AIM OF THE TASK: Since the copy must hold text only, transcribe the data below exactly and omit the images.

DATA EXTRACTS:
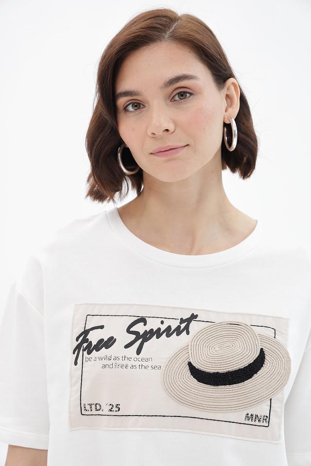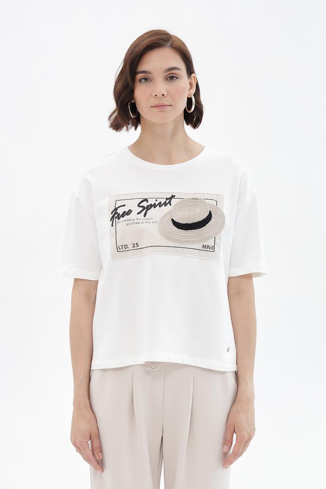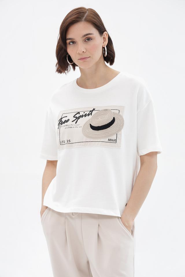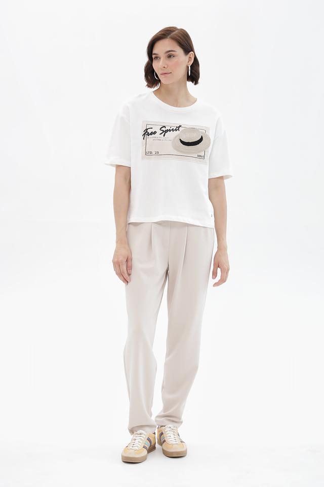 Белая футболка Monari с оригинальным принтом "Free Spirit" станет стильным дополнением к вашему гардеробу. Модель из 100% хлопка обеспечивает комфорт и удобство в носке. Состав: хлопок 100%
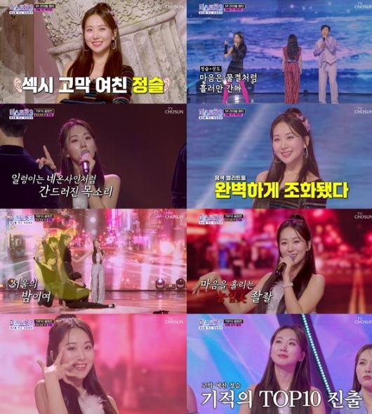 이어지는 TOP 10 결정전에서는 한혜진의 ‘서울의 밤’으로 전매특허 가창력과 퍼포먼스까지 모두 챙겼다. 무대 시작 전 “이 무대를 통해 제가 누구인지를 꼭 보여드리겠다”며 각오를 밝힌 정슬은 섹시한 목소리로 무대의 포문을 열며 현장의 분위기를 후끈 달아오르게 했다.
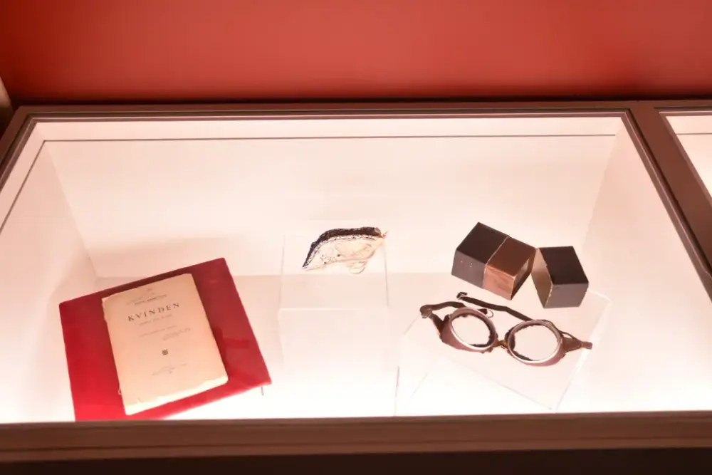 Driving glasses and case: Given by orghild Nøkleby, an active member of the Oslo Kvinnelige Handelstands Forening (Oslo Womens' Business Society). Driving glasses represent the freedom of movement that came with
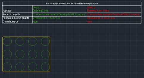 En la siguiente imagen de ejemplo, se muestra la información de propiedades de los dos archivos de dibujo utilizados para la comparación insertada como una tabla en el archivo de resultados de la comparación.
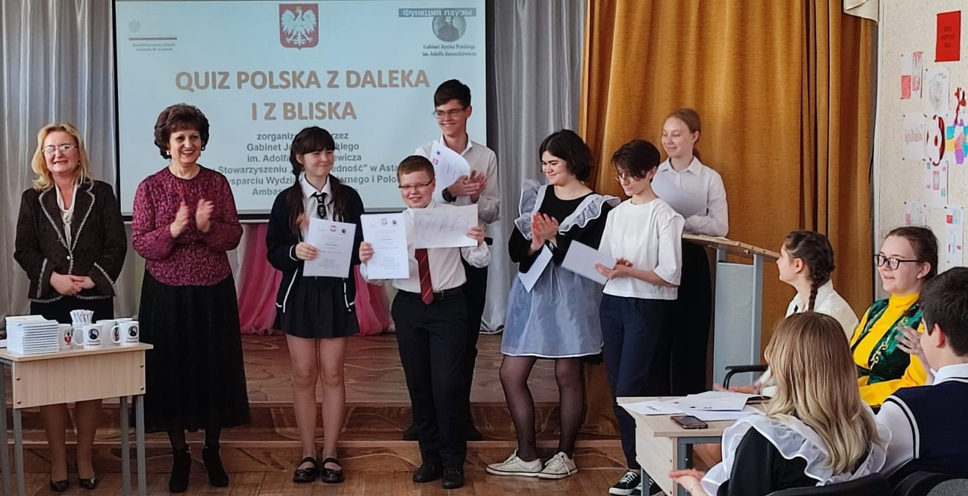 Wydarzenie pozwala podkreślić, jak istotne w dzisiejszym czasie są przyjaźń i współpraca. Dziś połączył nas quiz „Polska z daleka i z bliska”, w którym wzięli udział uczniowie klas od 5 do 11, a który odbył się przy wsparciu Wydziału Konsularnego i Polonii Ambasady Rzeczypospolitej Polskiej w Astanie i przy działającym w placówce edukacyjnej Gabinecie Języka Polskiego im. Adolfa Januszkiewicza, w którym pracuje nauczyciel skierowany przez ORPEG.
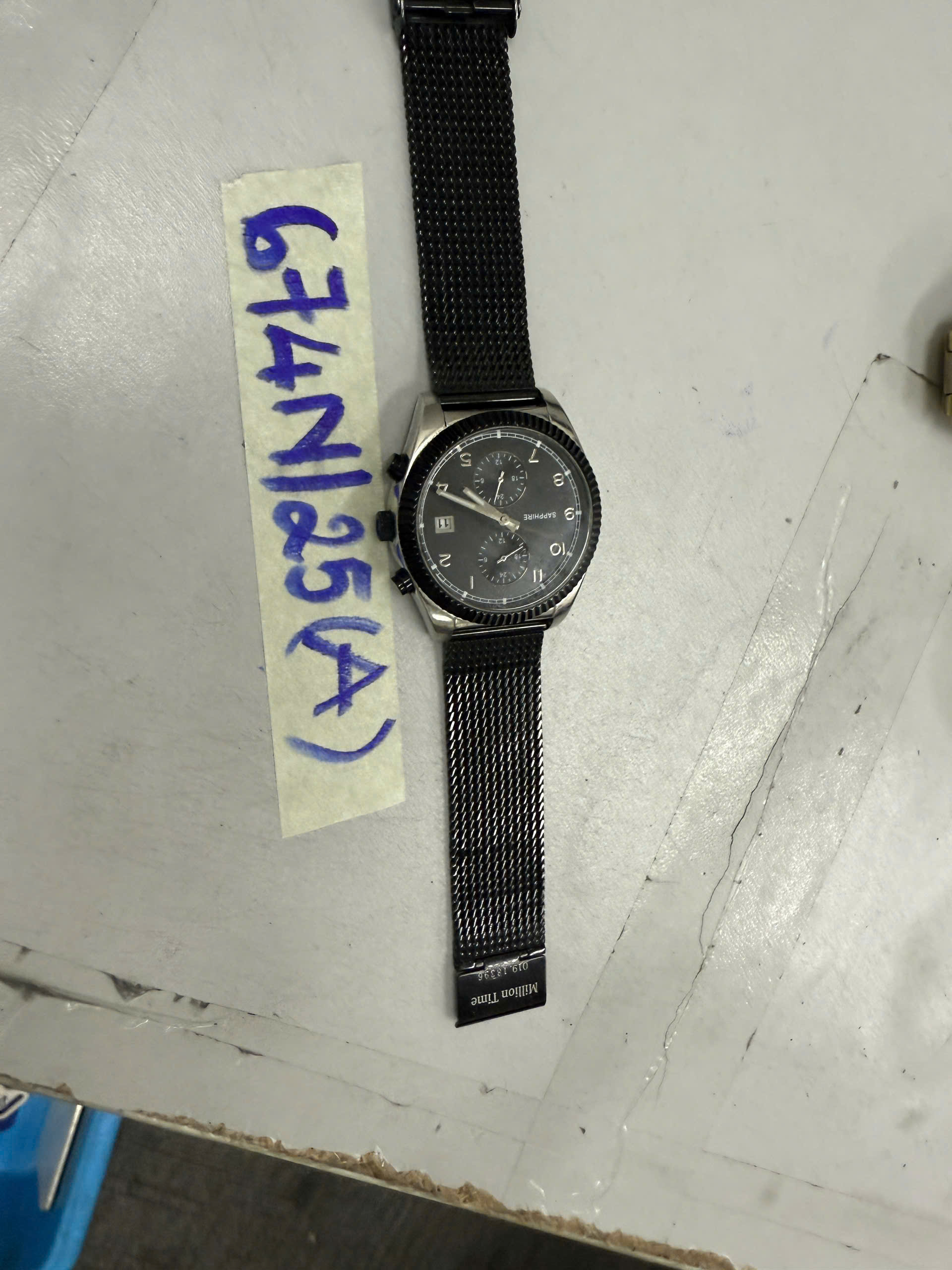 Ngày tiếp nhận: 14/4/2025 Mã hồ sơ: 674N2025A Mô tả: 01 Đồng hồ mặt tròn, dây đeo kim loại màu đen có chữ “SAPPHIRE” (đã qua sử dụng). |
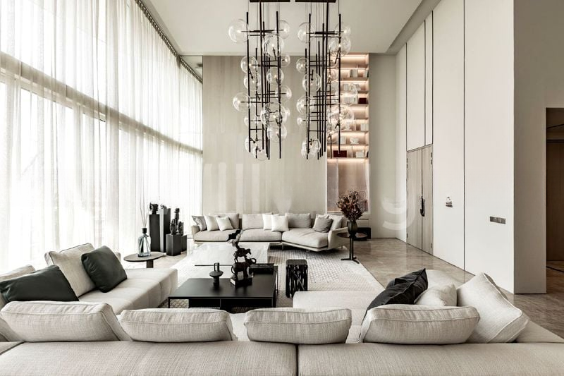 Step into a realm of modern luxury where abundant natural light dances across the marble floors, illuminating the double-height ceilings and designer bubble chandeliers. The expansive living area, framed by floor-to-ceiling windows, offers breathtaking views of the city skyline and cable cars, creating an ambiance that is both sophisticated and inviting.
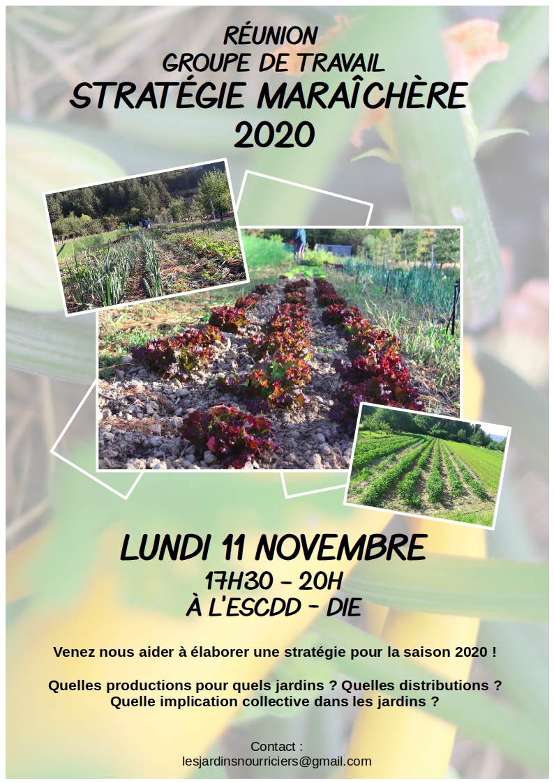 C'est pour vous exposer ces questionnements, et y trouver des réponses collectives, adaptées à tous les adhérents de l'association, que nous vous invitons à une réunion "Stratégie maraîchère 2020" qui aura lieu lundi 11 novembre, de 17h30 à 20h à l'ESCDD de Die.
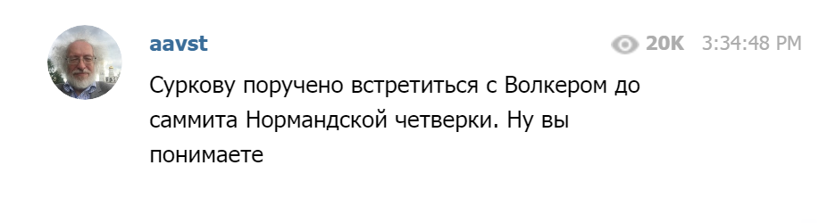 "Суркову поручено встретиться с Волкером до саммита "Нормандской четверки". Ну вы понимаете", - сказано в сообщении.
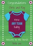 Text reads: "Congratulations Chris and Fay new any team baby welcome to the world! Little one". 'Chris and Fay', 'any team' and 'little one' can be personalised!
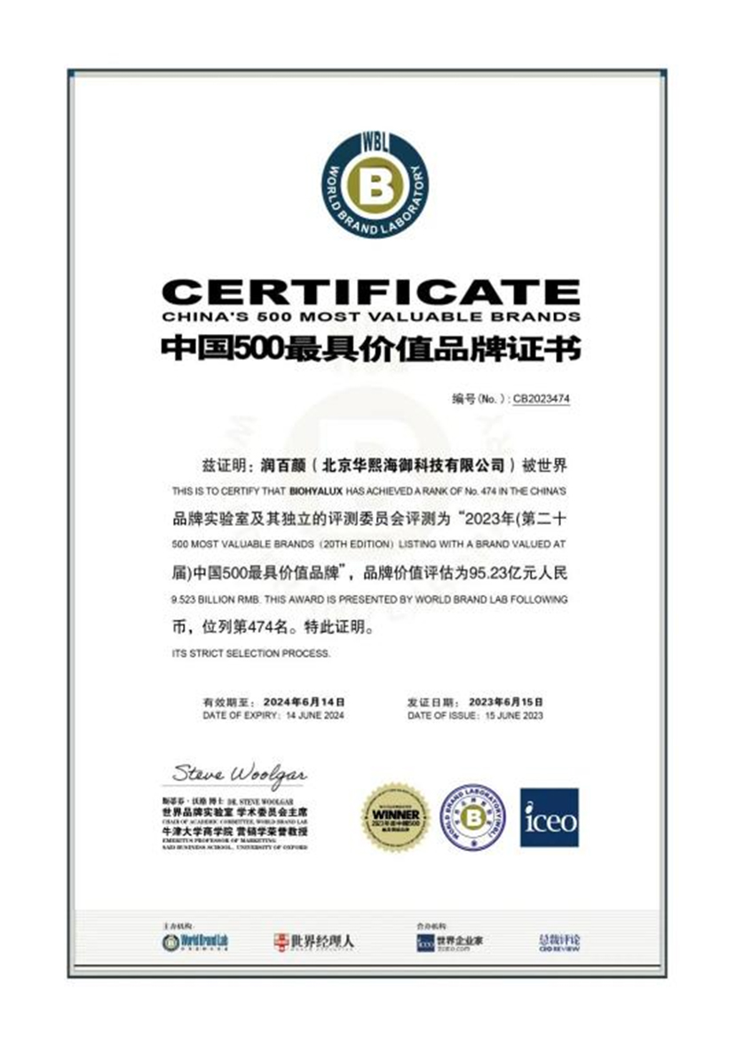 随着国家政策支持及Z世代新消费群体的崛起,中国品牌迎来良好的发展契机,迸发强大的增长势能。近期,由世界品牌实验室(World Brand Lab)主办的(第二十届)“世界品牌大会”在北京举行,会上发布了2023年“中国500最具价值品牌排行榜”。华熙生物及旗下核心战略品牌--润百颜再度登录该榜单,润百颜品牌价值接近百亿,达95.23亿元。
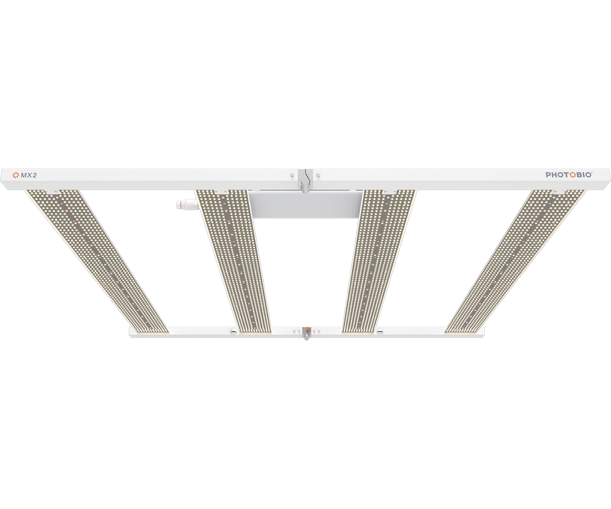 The PHOTOBIO•MX2 changes everything, again. The best-selling PHOTOBIO MX fixture evolves with higher output and better efficiencies while still delivering the same great recipe many growers have come to love. We care about you and your crops. We know nothing will stop you from focusing on the goal and trying to do better. Photobio has similar beliefs, to always try to raise the bar and be BETTER. The result is a 1,870 uMol/s (PAR) fixture that consumes the same power as the original MX while delivering enhanced efficacy at 2.8 uMol/J. The PHOTOBIO MX2 offers 10% more photon output, 10% better efficiency and a 47% weight reduction compared to the original model. The wide light bars deliver the uniformity and intensity that professional growers desire. Increase yields while driving down operational cost with the PHOTOBIO MX2.
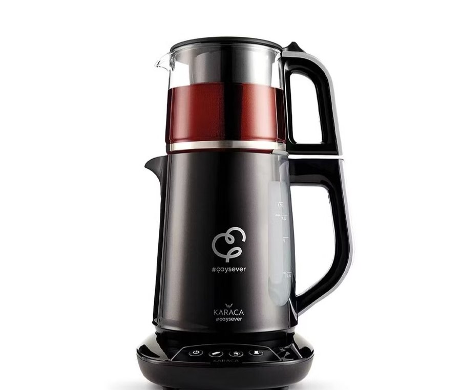 ceyizime hediye geldi kutusunda hiç açılmamış Karaca siyah çay makinesi, modern tasarımı ve koyu renk seçeneği ile dikkat çeker. Cam demliği ve kontrol düğmeli sağlam tabanı vardır.
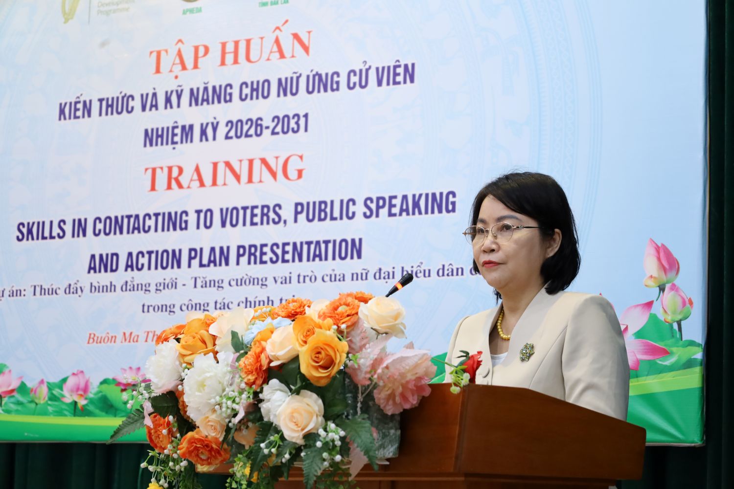 Bà Hoàng Thị Lệ Hằng – Trưởng đại diện Tổ chức APHEDA cho biết, hoạt động tập huấn này nằm trong khuôn khổ dự án "Thúc đẩy bình đẳng giới và tăng cường vai trò của người đại biểu dân cử trong công tác chính trị". Dự án do Chính phủ Úc và tổ chức Oxfam tài trợ, được triển khai tại tỉnh Đắk Lắk thông qua sự phối hợp với Hội Liên hiệp Phụ nữ tỉnh nhằm giúp các ứng cử viên chuẩn bị về tư duy, kỹ năng, kiến thức và sự tự tin để xây dựng chương trình hành động thiết thực, khả thi và trình bày trước cử tri.
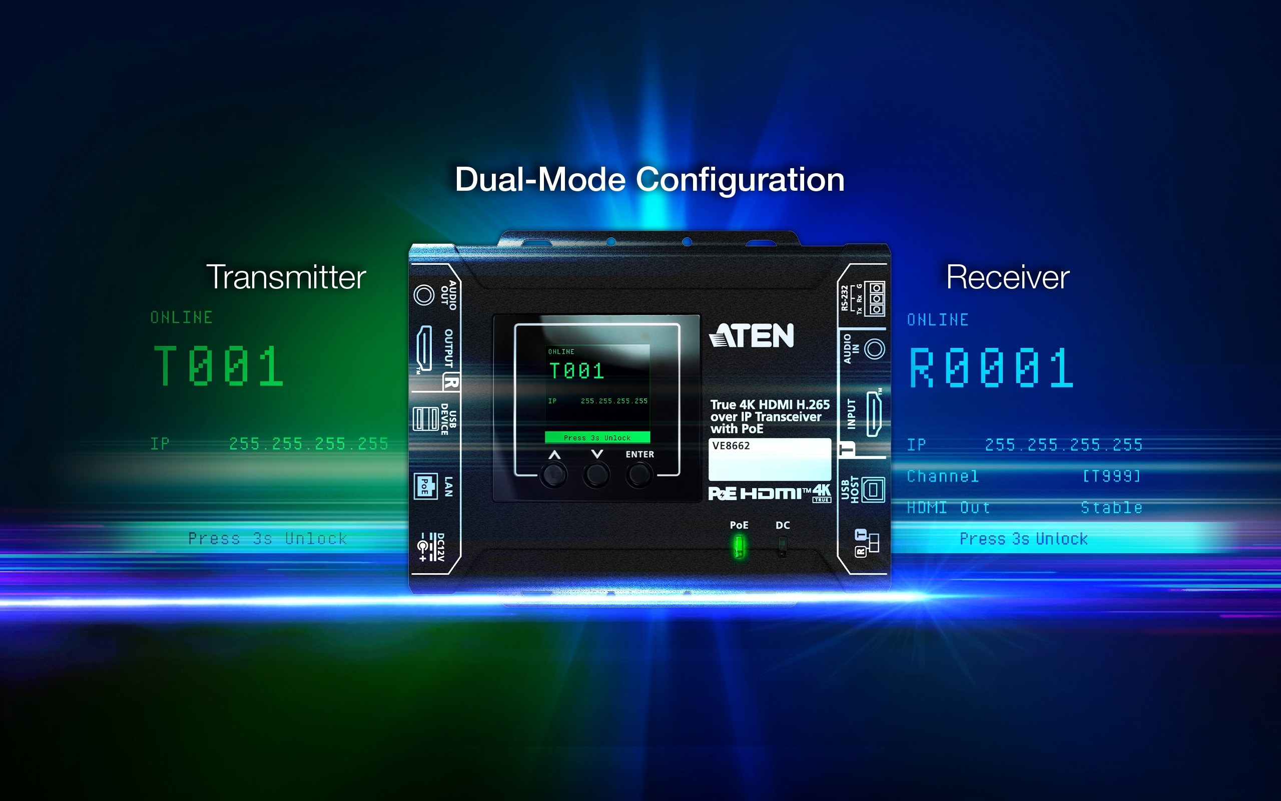 The ATEN VE8662 True 4K HDMI H.265 over IP Transceiver with PoE combines transmitter and receiver functions in one unit, offering flexible deployment and easy configuration for various AV solutions.
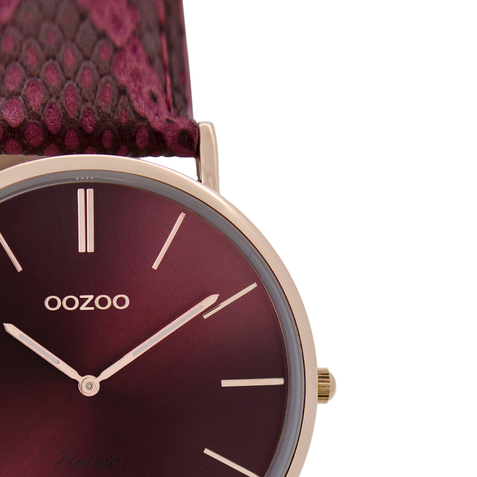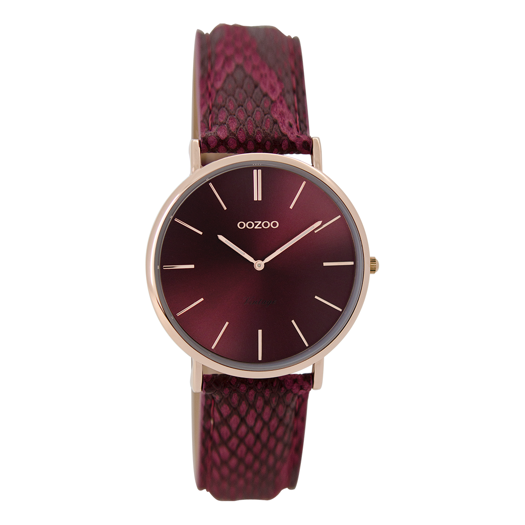 De klassieke look blijft centraal staan in deze trendy serie en daarom is dit OOZOO vintage ronde design met een speelse knipoog dé musthave van het seizoen! Dit dames horloge is de perfecte combinatie van comfort en fashion met zijn 32 mm rosé goudkleurige metalen horlogekast en bordeaux rode sunray wijzerplaat. De wijzerplaat heeft rosé goudkleurige strepen tijdsaanduidingen en bijpassende kleurige wijzers. De bordeaux rode slangen print leren band maakt dit horloge tot een trendy accessoire dat je elke dag kunt dragen. Dit horloge voegt de sprankeling toe aan je outfit. Het mineraalglas ligt in een 6,9 mm dunne metalen horlogekast met IP-plating. De C9306 heeft een stainless steel achterplaat en is nikkel-safe. Dit horloge heeft een 2 Japans uurwerk en wordt gedekt door een garantie van 2 jaar (zie sectie 3 van onze Refund, shipping & warranty policy).

FINISHED TASK:
 Белая футболка Monari с оригинальным принтом "Free Spirit" станет стильным дополнением к вашему гардеробу. Модель из 100% хлопка обеспечивает комфорт и удобство в носке. Состав: хлопок 100%
 이어지는 TOP 10 결정전에서는 한혜진의 ‘서울의 밤’으로 전매특허 가창력과 퍼포먼스까지 모두 챙겼다. 무대 시작 전 “이 무대를 통해 제가 누구인지를 꼭 보여드리겠다”며 각오를 밝힌 정슬은 섹시한 목소리로 무대의 포문을 열며 현장의 분위기를 후끈 달아오르게 했다.
 Driving glasses and case: Given by orghild Nøkleby, an active member of the Oslo Kvinnelige Handelstands Forening (Oslo Womens' Business Society). Driving glasses represent the freedom of movement that came with
 En la siguiente imagen de ejemplo, se muestra la información de propiedades de los dos archivos de dibujo utilizados para la comparación insertada como una tabla en el archivo de resultados de la comparación.
 Wydarzenie pozwala podkreślić, jak istotne w dzisiejszym czasie są przyjaźń i współpraca. Dziś połączył nas quiz „Polska z daleka i z bliska”, w którym wzięli udział uczniowie klas od 5 do 11, a który odbył się przy wsparciu Wydziału Konsularnego i Polonii Ambasady Rzeczypospolitej Polskiej w Astanie i przy działającym w placówce edukacyjnej Gabinecie Języka Polskiego im. Adolfa Januszkiewicza, w którym pracuje nauczyciel skierowany przez ORPEG.
 Ngày tiếp nhận: 14/4/2025 Mã hồ sơ: 674N2025A Mô tả: 01 Đồng hồ mặt tròn, dây đeo kim loại màu đen có chữ “SAPPHIRE” (đã qua sử dụng). |
 Step into a realm of modern luxury where abundant natural light dances across the marble floors, illuminating the double-height ceilings and designer bubble chandeliers. The expansive living area, framed by floor-to-ceiling windows, offers breathtaking views of the city skyline and cable cars, creating an ambiance that is both sophisticated and inviting.
 C'est pour vous exposer ces questionnements, et y trouver des réponses collectives, adaptées à tous les adhérents de l'association, que nous vous invitons à une réunion "Stratégie maraîchère 2020" qui aura lieu lundi 11 novembre, de 17h30 à 20h à l'ESCDD de Die.
 "Суркову поручено встретиться с Волкером до саммита "Нормандской четверки". Ну вы понимаете", - сказано в сообщении.
 Text reads: "Congratulations Chris and Fay new any team baby welcome to the world! Little one". 'Chris and Fay', 'any team' and 'little one' can be personalised!
 随着国家政策支持及Z世代新消费群体的崛起,中国品牌迎来良好的发展契机,迸发强大的增长势能。近期,由世界品牌实验室(World Brand Lab)主办的(第二十届)“世界品牌大会”在北京举行,会上发布了2023年“中国500最具价值品牌排行榜”。华熙生物及旗下核心战略品牌--润百颜再度登录该榜单,润百颜品牌价值接近百亿,达95.23亿元。
 The PHOTOBIO•MX2 changes everything, again. The best-selling PHOTOBIO MX fixture evolves with higher output and better efficiencies while still delivering the same great recipe many growers have come to love. We care about you and your crops. We know nothing will stop you from focusing on the goal and trying to do better. Photobio has similar beliefs, to always try to raise the bar and be BETTER. The result is a 1,870 uMol/s (PAR) fixture that consumes the same power as the original MX while delivering enhanced efficacy at 2.8 uMol/J. The PHOTOBIO MX2 offers 10% more photon output, 10% better efficiency and a 47% weight reduction compared to the original model. The wide light bars deliver the uniformity and intensity that professional growers desire. Increase yields while driving down operational cost with the PHOTOBIO MX2.
 ceyizime hediye geldi kutusunda hiç açılmamış Karaca siyah çay makinesi, modern tasarımı ve koyu renk seçeneği ile dikkat çeker. Cam demliği ve kontrol düğmeli sağlam tabanı vardır.
 Bà Hoàng Thị Lệ Hằng – Trưởng đại diện Tổ chức APHEDA cho biết, hoạt động tập huấn này nằm trong khuôn khổ dự án "Thúc đẩy bình đẳng giới và tăng cường vai trò của người đại biểu dân cử trong công tác chính trị". Dự án do Chính phủ Úc và tổ chức Oxfam tài trợ, được triển khai tại tỉnh Đắk Lắk thông qua sự phối hợp với Hội Liên hiệp Phụ nữ tỉnh nhằm giúp các ứng cử viên chuẩn bị về tư duy, kỹ năng, kiến thức và sự tự tin để xây dựng chương trình hành động thiết thực, khả thi và trình bày trước cử tri.
 The ATEN VE8662 True 4K HDMI H.265 over IP Transceiver with PoE combines transmitter and receiver functions in one unit, offering flexible deployment and easy configuration for various AV solutions.
 De klassieke look blijft centraal staan in deze trendy serie en daarom is dit OOZOO vintage ronde design met een speelse knipoog dé musthave van het seizoen! Dit dames horloge is de perfecte combinatie van comfort en fashion met zijn 32 mm rosé goudkleurige metalen horlogekast en bordeaux rode sunray wijzerplaat. De wijzerplaat heeft rosé goudkleurige strepen tijdsaanduidingen en bijpassende kleurige wijzers. De bordeaux rode slangen print leren band maakt dit horloge tot een trendy accessoire dat je elke dag kunt dragen. Dit horloge voegt de sprankeling toe aan je outfit. Het mineraalglas ligt in een 6,9 mm dunne metalen horlogekast met IP-plating. De C9306 heeft een stainless steel achterplaat en is nikkel-safe. Dit horloge heeft een 2 Japans uurwerk en wordt gedekt door een garantie van 2 jaar (zie sectie 3 van onze Refund, shipping & warranty policy).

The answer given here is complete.